因為一開始被那個小年輕實習生活活攪和了一場采訪,為了表示自己這邊的誠意,朱強主任專門帶隊,跑到搶救大廳來蹲守自己的采訪對象——他根本沒想著這一次就能完成采訪工作,只是想先帶隊來和孫立恩見個面,雙方建立比較好的互信關系后,再去約一兩天后進行采訪。
一個豬隊友的工作成果,需要三個人花上好幾天的時間才能勉強彌補回去。一想到這里,朱強主任就恨的牙癢癢——開除那個混蛋哪里足夠解氣?怎么也得開出去再聘回來,前前后后重復個二三十次才夠嘛。
“不知道。”提問的是采訪組里負責貌美如花的年輕女記者,而對于她的問題,見多識廣的朱強主任也沒有答案。“按理來說不應該啊……今天中午睡覺,那他不就應該是今天晚上值夜班?”
“不知道你們兩位注意到了沒有。”負責采訪的主力主任記者低聲道,“這家醫院今天的氛圍好像有點不對勁。”
“不對勁?”朱強一愣,“怎么個不對勁法?”他向著周圍的醫護人員看去,隨后困惑的搖了搖頭,很老實的回答道,“沒看出來。”
女記者琢磨了一下,“啊!他們經常在看手機和手表!”
搶救大廳里的分診臺和一旁的保安值班點上,護士和保安都時不時低頭看一眼手機,或者瞥一眼大廳里的時鐘。似乎正在等待著這么東西。

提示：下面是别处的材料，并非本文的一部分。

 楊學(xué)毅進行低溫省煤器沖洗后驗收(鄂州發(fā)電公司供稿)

“而且這個保安的數量也有些不正常。”主任記者朝著門口側了側頭,“門口兩名保安,而且身上還穿著防刺服,大廳里四名保安,身邊就是防爆盾牌……我雖然有些日子沒來過醫院了,但是醫院里一般也不會有這么多的安保力量吧?更何況現在都快凌晨三點了。”
職業記者的敏銳嗅覺告訴主任記者,這家醫院似乎有故事。
朱強琢磨了一會,對自己身邊的兩位記者道,“要是等的有些無聊了,你們就先去旁邊晃一晃,打聽打聽是不是有什么事兒。要是有價值,正好還能多一篇報道。”

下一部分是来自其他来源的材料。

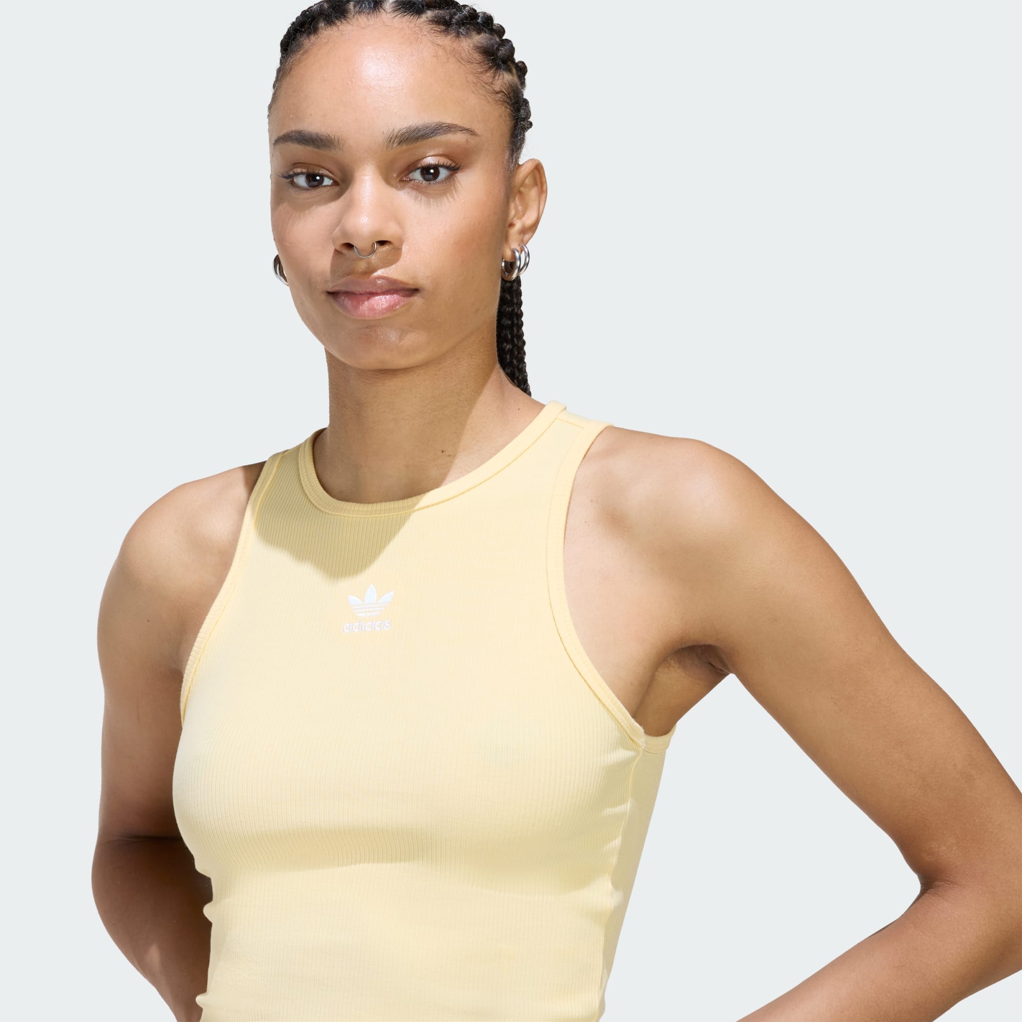 Disfruta de una comodidad extraordinaria y el mejor estilo informal con esta camiseta sin mangas adidas. Presenta un corte entallado y se ha confeccionado en un tejido de punto de canalé ligero que se adapta a tu silueta y te permite moverte con total libertad. Combínala con un pantalón deportivo o tus vaqueros preferidos y dale un toque versátil a tus looks.

主任記者早就坐不住了,他點了點頭,重新戴上了自己的鴨舌帽,朝著門外的保安走去,一邊走著,一邊從口袋里摸出一盒煙來——散煙聊天,是用來打探基本消息的不二秘籍。
至于美女記者嘛,她有自己的辦法。有小零食開路,再加上“等人”的幌子,以及差距不大的年齡,這讓她可以很容易的和分診臺的護士們打成一片。
大家都是出了社會的成年人,當然都有自己獨到的一面。揚長避短,這才是正確的工作態度。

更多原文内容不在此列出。